Source: Grand View Research

And AWS’s market share of the global cloud computing market is almost as dominant as its share of e-commerce spend, at 33% compared to the 21% held by its closest competitor, Microsoft’s Azure.

amazon

Source: Statista

AWS’s business is also much higher margin than Amazon’s e-commerce operation, which is why it is powering the company’s profits. The way Amazon reports its performance makes it difficult for analysts to get a precise picture of margins across different businesses. But it’s generally accepted the company makes little to no money on its first-party sales.

It probably does make reasonable margins on its marketplace business that lets third-party retailers sell through Amazon with logistical support in return for a fat commission. And earlier this year it was announced its advertising business is now worth a massive $31 billion and is probably now its most profitable. That wouldn’t exist without the broader e-commerce business.

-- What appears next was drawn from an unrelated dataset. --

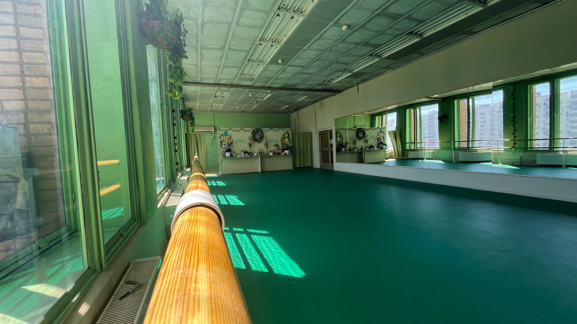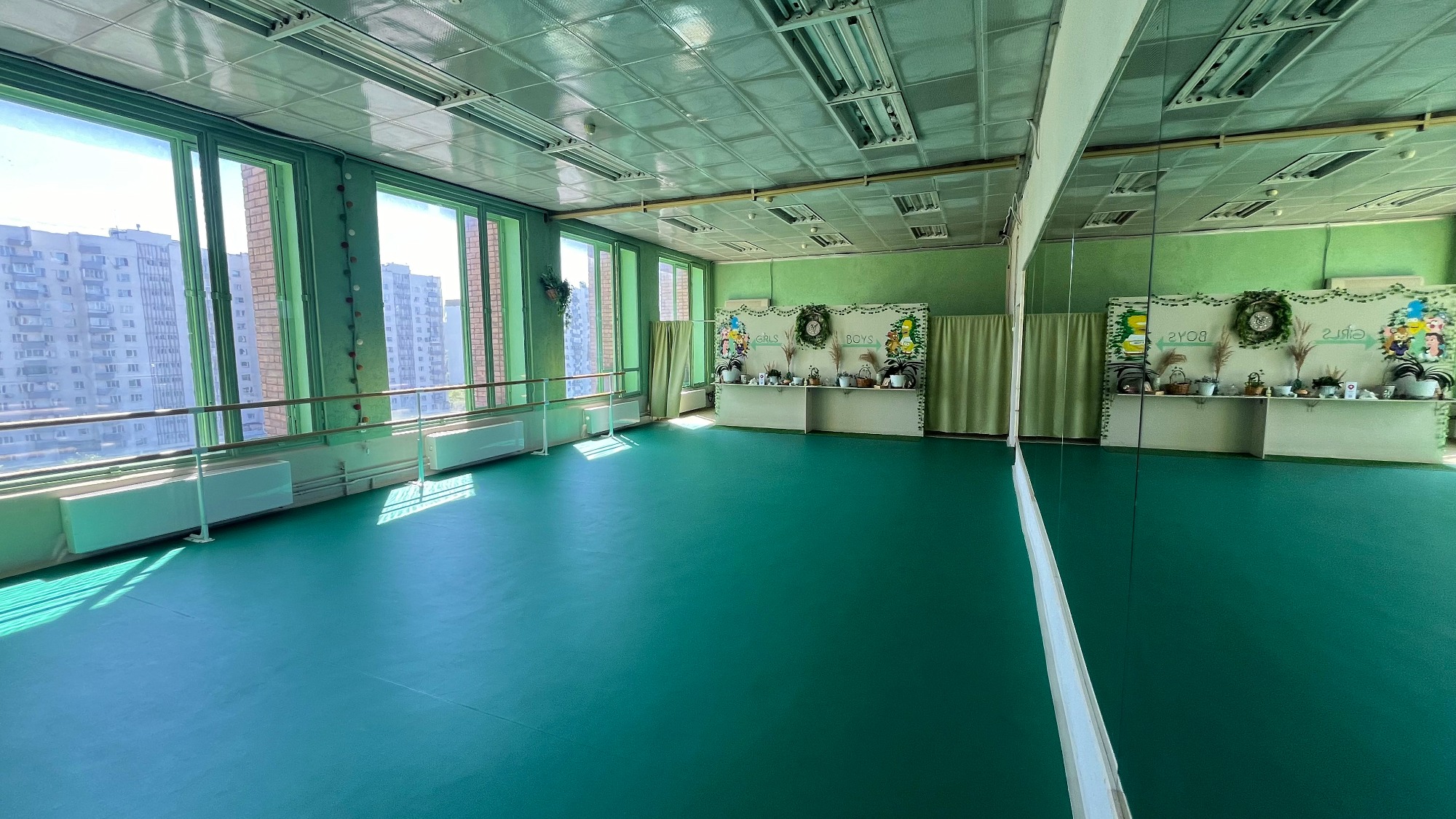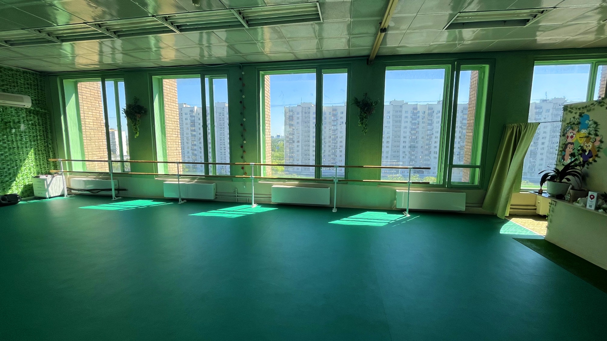 В Зале большое окно 4х2,5м с естественным светом, окна выходят на север, 7 этаж , в течении дня равномерно-рассеяный свет, после 18:00 по косательной заходит солнце оставляя блики на бело-бежевой стене. В этом зале отсутствует гримерка. Общая площадь помещения 60 м2, высота потолков 4-4,5 м.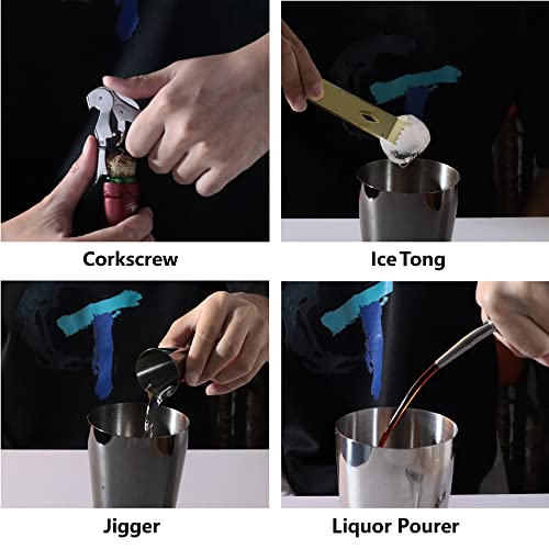 Professional Bartender Set: Our 8Pcs bartending kit includes a 20oz cocktail shaker, Hawthorne strainer, 2/3oz and 4/3oz double side jigger, corkscrew, ice tongs, mixing spoon, liquor pourer and bamboo stand. Have all the tools you need to effortlessly mix and create your favorite cocktails. Whether you enjoy classic cocktails or innovative mixes, this cocktail set provides the essential tools to turn your creativity into reality.

Whatever the exact margin and profitability breakdown between its units, Amazon can afford to continue to invest huge sums in its e-commerce and physical retail businesses and will undoubtedly do so.

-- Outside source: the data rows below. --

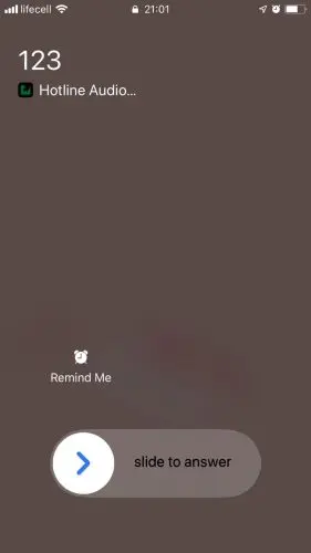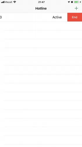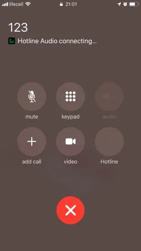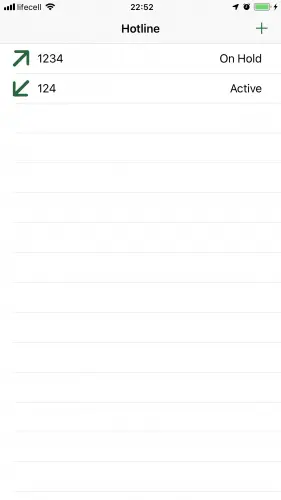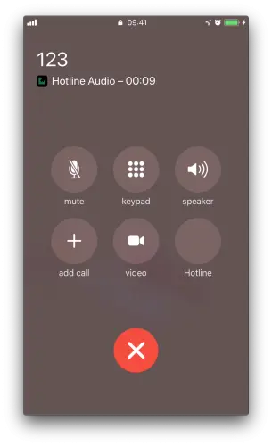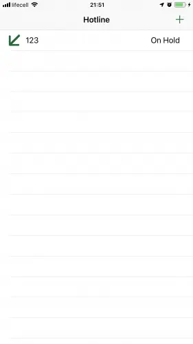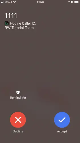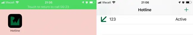 如果Hotline用户收到多个电话怎么办? 您可以通过先拨打拨出电话然后拨打来电并在来电进入之前按Home按钮来模拟此操作。此时,应用程序会向用户显示以下屏幕: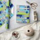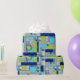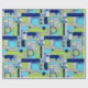 Este papel de embrulho de presente tem um padrão de deco de blocos quadrados em vidro digital manchado. Um design geométrico colorido em cores azul, aquamarina e verde. Um belo papel de embrulho para cobrir seus presentes. Você pode fazer o padrão neste papel de embalagem maior ou menor.
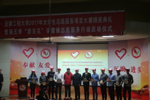 每年3月5日学雷锋纪念日前后,我校均举行“团百花”学雷锋志愿服务行动启动仪式,通过丰富多样的形式营造氛围,引领广大青年学生积极投身志愿服务,践行社会主义核心价值观、争做向上向善好青年。2017年3月3日下午,校党委宣传部、学工部、研究生工作部、校团委、马克思主义学院、学生会、研究生会联合举行2017年度大学生志愿服务项目大赛颁奖典礼暨RayBetApp官网下载 第五季启动仪式。校园内,校党委宣传部、校团委制作了众多充满志愿色彩、体现青年风貌和主题的标牌,并科学放置在校内不同场所;“团百花”学雷锋志愿服务行动品牌项目团队分别以横幅的形式亮明其志愿服务的口号,向全校师生倡导社会主义核心价值观、雷锋精神、志愿精神。300多名注册志愿者头戴“小红帽”齐聚学术报告厅,参加第五季“团百花”学雷锋志愿服务行动启动仪式,共同迎接第54个雷锋纪念日、第18个“中国青年志愿者服务日”的到来。启动仪式开始前,现场播放的暖场视频,全面回顾了2016年“团百花”学雷锋志愿服务行动开展情况以及取得的成果。校党委宣传部、学工部、研工部和马克思主义学院主要负责人为“第五季”学雷锋志愿服务金奖团队代表、2016年度“十佳青年志愿者”颁奖。我校“团百花”学雷锋志愿服务品牌项目团队代表现场分享经验。校党委书记陈其工、校党委副书记苏国红出席了启动仪式。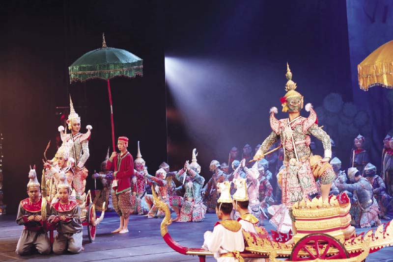 โขนรามเกียรติ์ตอน “ราพณ์พ่ายบารมีพระจักรีครองเมือง” จับความตอน สงครามครั้งสุดท้ายระหว่างฝ่ายมนุษย์ ได้แก่ พระราม พระลักษมณ์และกองทัพวานร และ กองทัพอสูร ได้แก่ ทศกัณฐ์ และบรรดาไพร่พลอสูร หลังการปะทะทัพกลางเวที ฝ่ายพระรามได้รับชัยชนะ สงครามยุติลงพระรามจึงเดินทางกลับนครอโยธยา บรมราชาภิเษกขึ้นเป็นกษัตริย์ครองกรุงอโยธยา
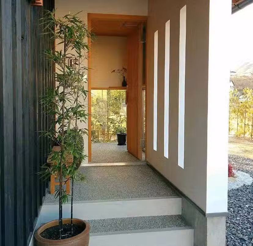 這一場景同樣也被《住所設計》雜志捕捉到,還對房屋後續的情況做了很多報道。 踏上兩個台階才進入入戶門前,為了保證隱私視覺又需通透,不影響採光,屋主專門做了格柵式墻體設計,獨特又有創意。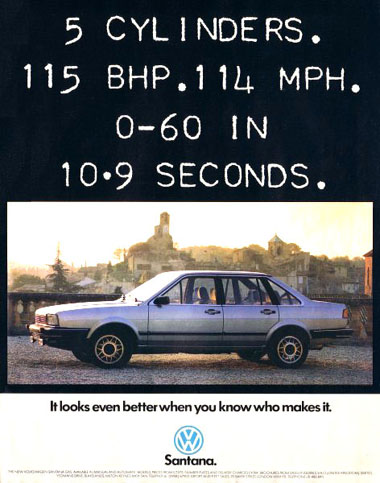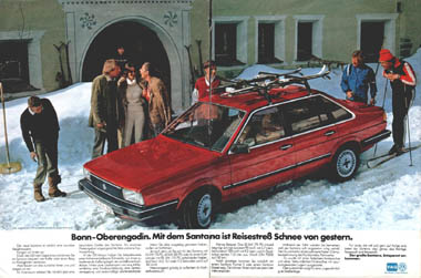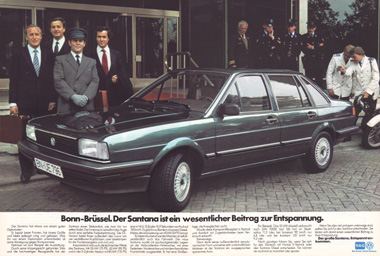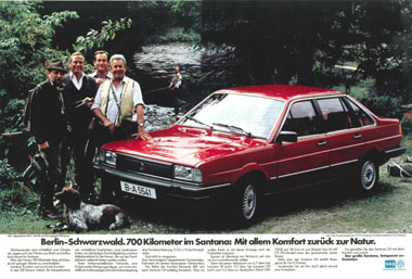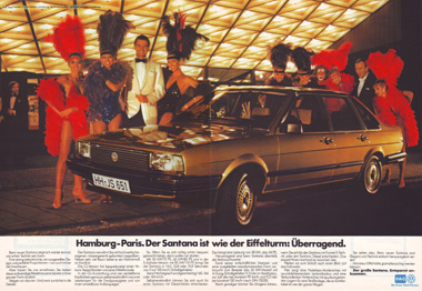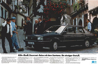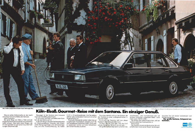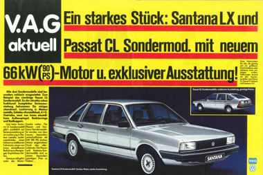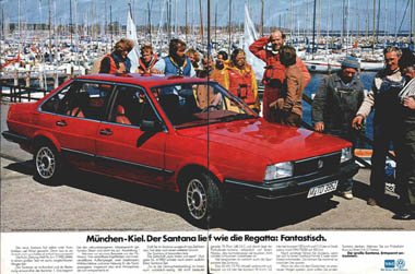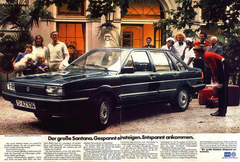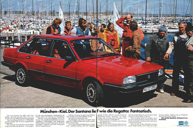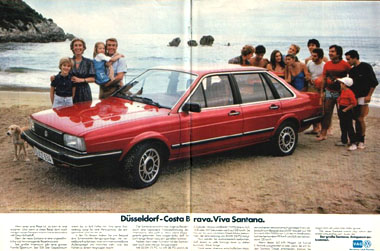 | Mit der Markteinführung des VW Santana ab Januar 1982 wurde eine Reihe von doppelseitigen Anzeigen in überregionalen Autozeitungen geschaltet, z.B. in "Auto, Motor und Sport", der "auto zeitung", aber auch in nicht-fachbezogenen Magazinen wie "Stern" oder "Spiegel".

But if, as Haissl writes in his report, “the performance gap versus the non-AWS parts continues to widen”, spinning AWS off as an independent company may be an option that starts to gain support at board and key investor level even if it’s not on the table right now. Especially if the cloud computing business makes significant progress toward the $3 trillion value Haissl thinks it is heading for, without providing any concrete timelines for when that might be achieved.

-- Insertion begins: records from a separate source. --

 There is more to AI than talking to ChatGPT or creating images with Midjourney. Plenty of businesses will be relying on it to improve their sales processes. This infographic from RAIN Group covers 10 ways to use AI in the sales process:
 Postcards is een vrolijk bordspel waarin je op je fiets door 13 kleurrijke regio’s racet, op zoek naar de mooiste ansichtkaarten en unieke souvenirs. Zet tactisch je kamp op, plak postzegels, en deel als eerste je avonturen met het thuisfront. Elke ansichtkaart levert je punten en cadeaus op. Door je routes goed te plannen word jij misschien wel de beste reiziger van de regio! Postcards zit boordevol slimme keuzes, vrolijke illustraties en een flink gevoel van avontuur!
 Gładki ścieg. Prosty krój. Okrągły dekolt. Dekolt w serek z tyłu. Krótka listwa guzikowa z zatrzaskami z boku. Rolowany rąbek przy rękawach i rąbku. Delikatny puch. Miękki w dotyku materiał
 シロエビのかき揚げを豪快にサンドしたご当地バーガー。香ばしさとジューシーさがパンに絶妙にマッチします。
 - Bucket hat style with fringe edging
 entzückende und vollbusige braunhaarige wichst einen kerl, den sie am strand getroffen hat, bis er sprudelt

Would AWS already be worth more than Amazon right now?

amazon inc

Having seen its share price drop by 38.5% over the past 12 months and 33.7% this year as it has been caught up in the broader market and growth stocks sell-off, the company has a current market capitalisation of $1.5 trillion.

It’s still one of the handful of most valuable public companies in the world, behind only Apple, Microsoft, Alphabet and Saudi Arabia’s state-controlled oil company Saudi Aramco. But many analysts are convinced AWS would be more valuable than the whole group, including the world’s dominant e-commerce business, as a stand-alone company.

Bloomberg Intelligence analyst Anurag Rana believes AWS would be worth $1.5 and $2 trillion today as an independent company, compared to the $1.15 trillion the market values the combined entity at today.

Should investors buy Amazon stock to profit from an AWS spin-off at a future date?

While it’s not unlikely at some future point, there aren’t currently believed to be any serious conversations happening around spinning AWS out, which would mean existing shareholders being given stock in the new company relative to their ownership stake in Amazon. So it wouldn’t necessarily make sense to invest in Amazon with that in mind.

However, at its current valuation, and considering the perceived stand-alone worth of AWS, the Amazon share price is seen as great value in many quarters. Haissl’s admittedly extremely bullish target, the highest on Wall Street, is for the Amazon share price to hit $270 in the next year compared to its current level of $113. That would represent an upside of over 150%.

The more mainstream consensus for potential Amazon upside is still very attractive. Of the 44 analysts covering the stock polled by CNN the high end of consensus targets is for $215 and the median $175.00. 41 analysts rate the stock as ‘buy’.

stock price forecast

Amazon does currently look oversold and a bargain at $113. Even if AWS isn’t likely to be spun out imminently, its contribution to the company means it’s hard to see the Amazon share price not gaining significantly from its current levels whenever negative market sentiment begins to ease. And if it is one day, Amazon shareholders could benefit from a bonanza.